Si l’inégalité est la forme et la cause de toute injustice, il y a quelque chose de profondément injuste dans tout acte d’amour. Aimer, c’est toujours saisir, affirmer et cultiver l’inégalité. Désirer, c’est se rendre compte que quelqu’un ou quelque chose dans la panoplie des personnes, des objets, des atmosphères, des événements qui nous entourent, se distingue des autres, non pas tant ou pas seulement parce qu’il est différent, mais parce qu’elle couve une force, une valeur, une importance que nous ne pouvons pas négliger.
Peu importe qui ou quoi nous aimons ou nous désirons, ceci n’est pas et ne peut en aucun cas être égal aux autres. Aimer, c’est cultiver l’inégalité de valeur de ce que nous désirons : nous voulons que l’objet ou la personne aimée soit le plus proche de nous et nous donnons à cette personne ou à cet objet une place et un rôle différents dans notre vie.
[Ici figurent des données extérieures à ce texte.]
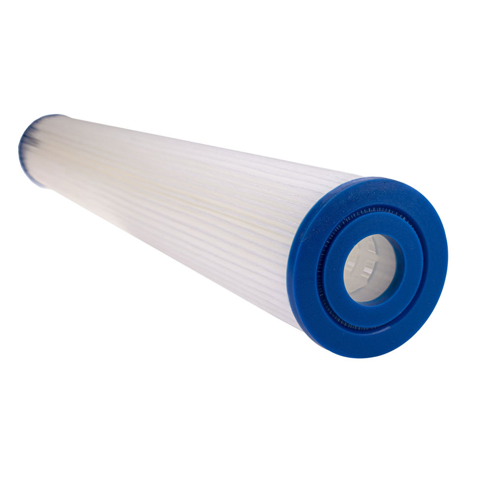 Cartouche de filtration à plis 20" qui retient les particules solides en suspension dont la taille est supérieure ou égale à 5 microns (sable fin, boue, rouille, sédiments, poussières, micro-algues, etc.).

Peu importe qu’il s’agisse d’un enfant ou d’un partenaire, d’un chien, d’un tableau, d’une jupe, d’un livre, d’un bibelot d’enfance, d’une leader politique ou de nous-mêmes : en aimant quelqu’un, nous définissons une hiérarchie dans la réalité qui nie l’idéal selon lequel chaque chose ou chaque personne est égale à n’importe quelle autre. L’amour et le désir ont toujours quelque chose de politiquement scandaleux. C’est pourquoi la loi a toujours et partout, à chaque époque, dans presque toutes les cultures, essayé de dompter cette passion de l’inégalité que nous donne le désir.